Capitalism originally sought to police play and pleasure, because any attempt to replace work as the central life interest threatened the economic survival of the system. The family, the state, and religion engendered a variety of patterns of moral regulation to control desire and ensure compliance with the system of production. However, as capitalism developed, consumer culture and leisure time expanded. The principles that operated to repress the individual in the workplace and the home were extended to the shopping mall and recreational activity. The entertainment industry and consumer culture produced what Herbert Marcuse called "repressive desublimation." Through this process individuals unwittingly subscribed to the degraded version of humanity."

--- Chris Rojek, Celebrity

What Huxley feared was that there would be no reason to ban a book, for there would be no one who wanted to read one. Orwell feared those who would deprive us of information. Huxley feared those who would give us so much that we would be reduced to passivity and egoism. Orwell feared that the truth would be concealed from us. Huxley feared that the truth would be drowned in a sea of irrelevance. Orwell feared we would become a captive culture. Huxley feared we would become a trivial culture, preoccupied with some equivalent of the feelies, the orgy porgy, and the centrifugal bumble-puppy. As Huxley remarked in Brave New World revisited, the civil libertarians and rationalists who are ever on the alert to oppose tyranny "failed to take into account man's almost infinite appetite for distractions." In 1984, Huxley added, people are controlled by inflicting pain. In Brave New World, they are controlled by inflicting pleasure. In short, Orwell feared that what we hate will ruin us. Huxley feared that what we love will ruin us.

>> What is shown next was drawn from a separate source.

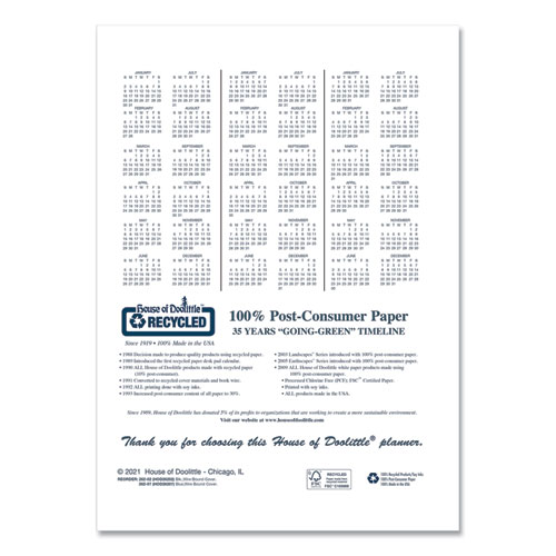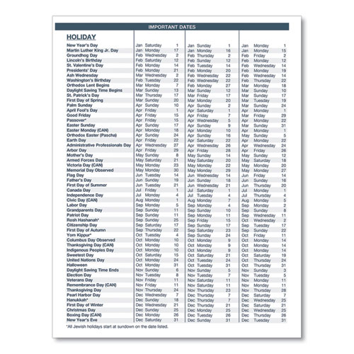 Product Details** Global Product Type Appointment Book/Personal Organizers Dated Yes Academic Year No Calendar Format Monthly Edition Year 2024 to 2026 Calendar Term 14-Month (Dec to Jan) Binding Type Wire-O Color Family Black Refillable No Calendar Spread Format One Month per Two-Page Spread Julian Dates Yes Size (Bound-Side First) 11 x 8.5 Binding Details Twin-Wire: Soft Cover Cover Color(s) Black Cover Material(s) Embossed Simulated Leather Appointment Ruling Open Scheduling Calendar Reference Blocks One Past Month,One Future Month Separate Sections Phone Messages,Reminders,Three-Year Holiday List,Three-Year Reference Calendar Sheet Color(s) White/Blue Pocket Details Double-Sided Storage Pocket Reversible No Seasonal Availability Yes Product Biodegradability Indicator N Product Biodegradability in Days 0 Product Compostability Indicator N Pre-Consumer Recycled Content Percent 0% Post-Consumer Recycled Content Percent 100% Total Recycled Content Percent 100% Disclaimer Statement This product was made using wood sourced from a certified managed forest. Footnote 1 Future planning section Country Of Origin US Carton Weight 5 lbs. Carton Pack Quantity 10 EA Pack Quantity 0 UPC 040983113465 UNSPSC 44112005 Shipping Weight & Item Dimensions Weight 0.206 lbs. Length 11.375 in Height 0.25 in Width 9.188 in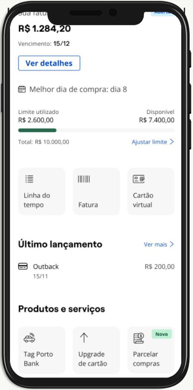 - Na página inicial, selecione o Cartão de Crédito Porto Bank ;

 --- Neil Postman, Amusing Ourselves to Death

Nearly everything we do to enlarge our world, to make life more interesting, more varied, more exciting, more vivid, more "fabulous," more promising, in the long run has an opposite effect. In the extravagance of our expectations and in our ever increasing power, we transform elusive dreams into graspable images within with each of us can fit. By doing so we mark the boundaries of our world with a wall of mirrors. Our strenuous and elaborate efforts to enlarge experience have the unintended result of narrowing it. In frenetic quest for the unexpected, we end by finding only the unexpectedness we have planned for ourselves. We meet ourselves coming back.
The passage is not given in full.